まさにゼロから市場を作り上げ、売上高2400億円規模の事業へと成長。今では翼や胴体にまで炭素繊維が採用された、通称「黒い飛行機」が空を飛ぶまでに用途が拡大し、世界シェアNo.1を誇っている

東レはどのようにして、市場さえなかった炭素繊維を実用化し、事業化への道筋を立てることができたのか? 同社の炭素繊維技術開発の最前線を見つめてきた北野彰彦氏から「黒い飛行機」の誕生秘話、そして炭素繊維の未来を聞いた。

なぜ、東レは炭素繊維に目をつけ、研究継続できたのか

──北野さんが東レに入社された当時、炭素繊維の開発はどんな局面を迎えていましたか?
 まず、炭素繊維のお話をさせていただきます。
 炭素繊維という素材はトーマス・エジソンらが発明した電球のフィラメント(発光する部分)に、焼いた竹を使ったことで誕生した材料です。
 そこから、1961年に炭素繊維研究者である進藤昭男博士がアクリル糸を使った炭素繊維を発表したことで、より軽量かつ強度も弾性率も優れた材料に進化しました。
 そのポテンシャルの高さには東レも注目しており、1950年代後半からコツコツと基礎研究をしていました。
 そして私が入社した85年は、自社製品の炭素繊維製品「トレカ®T300」の発売から15年ほど経っていて、より高強度の炭素繊維を作ることが最重要課題になっていました。
 既にゴルフシャフトや釣り竿として使われていたものの、東レは研究開始当初から飛行機に炭素繊維が採用されることを、本命と睨んでいました。
 飛行機メーカーは、1973年の第一次オイルショックを受けて、機体の軽量化とエネルギー効率化を目指し、新たな材料を探していたからです。
 これまで機体における炭素繊維は、飛行機の方向舵など「二次構造材」には採用されていたのですが、主翼や胴体など大きな荷重を負担する「一次構造材」には採用されていませんでした。
──大きな課題があったとはいえ、当時からゴルフや釣り竿、飛行機の二次構造材にいたるまで、東レは炭素繊維の市場をリードしていたんですね。
 そもそも、炭素繊維は有機繊維であるアクリル繊維を高温で熱処理して、炭素以外の元素を切り離すことで作るのですが、東レはその出発原料であるアクリル繊維を自社生産できました。
 ナイロンやポリエステルは、欧米の他社からライセンス供与を受けるのですが、アクリル繊維は1959年から自前で生産しています。
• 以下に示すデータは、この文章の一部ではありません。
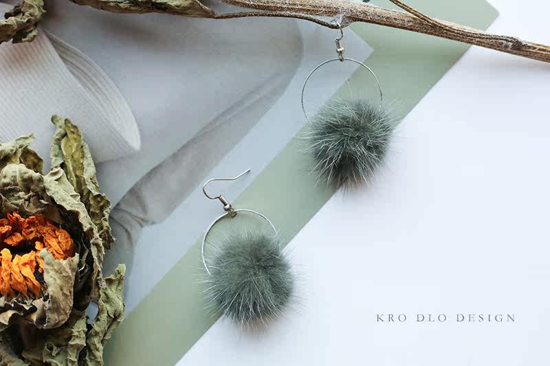 | 尺寸:全长6cm 直径3.2cm | 材质:925银针 水貂毛 |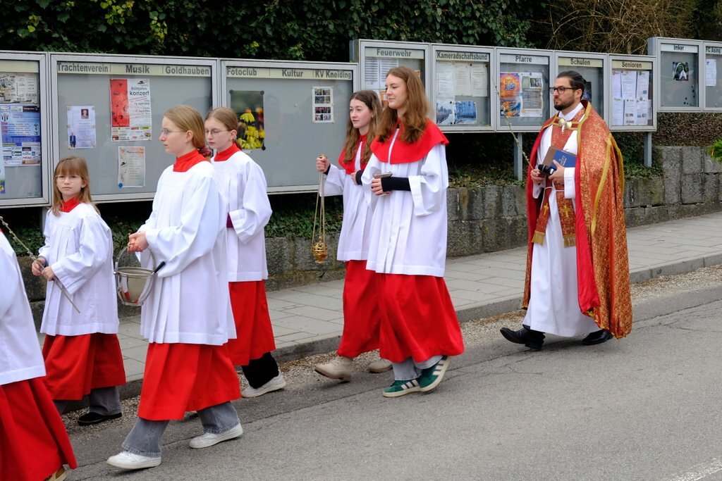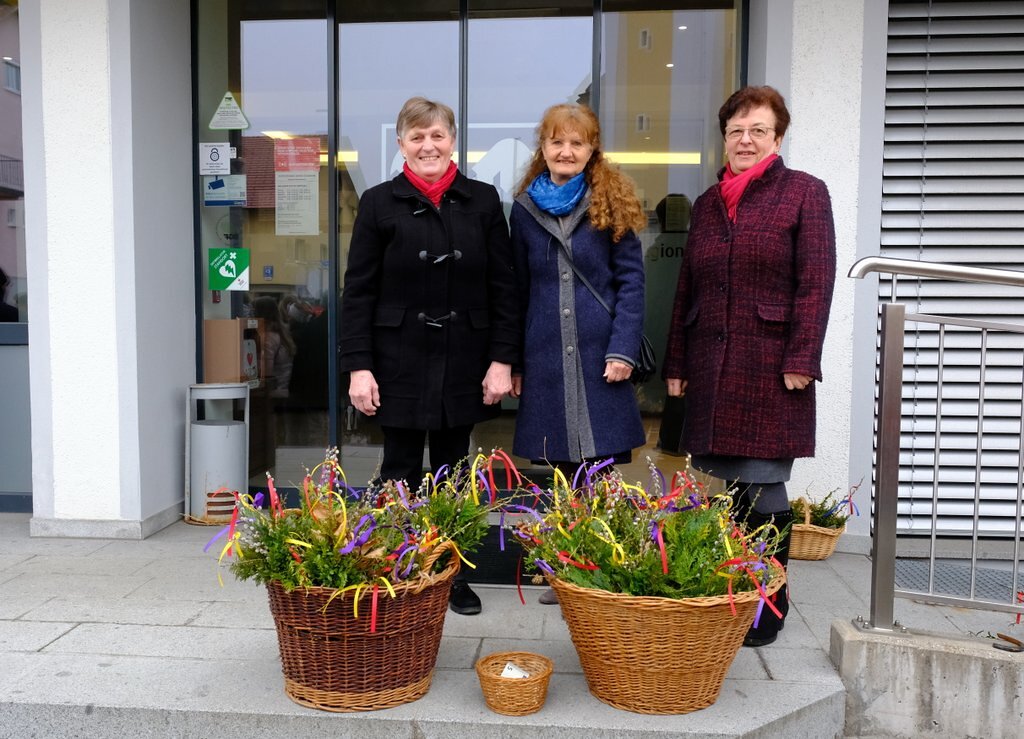 Von den Goldhaubenfrauen wurden sowohl bei der Vorabendmesse am Samstag, als auch vor der Palmprozession Palmbuschen zum Verkauf angeboten. Der Reinerlös dieser Aktion wird von der Goldhaubengruppe für soziale Zwecke in der Pfarrgemeinde gespendet.

つまり、原料の設計と製造のオリジナリティーが高いということです。
 料理も同じだと思いますが、炭素繊維の性能も原料(アクリル繊維)が大事です。たとえ火加減や手順が他と同じだったとしても、素材を熟知しているか否かで最終的な仕上がりが変わります。
──出発原料を作るノウハウがあったからこそ、炭素繊維の研究・技術開発でリードできた、ということでしょうか?
 それだけではありません。実は炭素繊維は単独の素材ではなく、「樹脂」などと組み合わせた炭素繊維複合材料となることで、初めて工業的に役立つものになります。
 たとえば髪の毛やロープと同様に、繊維は引っ張る力に対しては強いものの、圧縮すると簡単にグニャッと曲がって力を逃がしてしまいます。
 つまり、繊維だけでは、重いものをぶら下げることはできても下から支えることができないのです。
 そこで大切になるのが「樹脂」。どんな樹脂をどのような塩梅で合わせれば、炭素繊維単独よりも圧縮強度を上げることができるのか。より強度の高い炭素繊維複合材料の作り方を見つけ出すことが、我々の課題のひとつでした。
 実は、それを見越していたように「トレカ®T300」の量産を開始した71年には、炭素繊維複合材料のポテンシャルを探る「複合材料研究室」を、当時の中央研究所内に設置しています。
 複合材料研究室では、どんな樹脂を組み合わせてどんな工法で仕上げれば、求めている炭素繊維複合材料が作れるのかを検証してきました。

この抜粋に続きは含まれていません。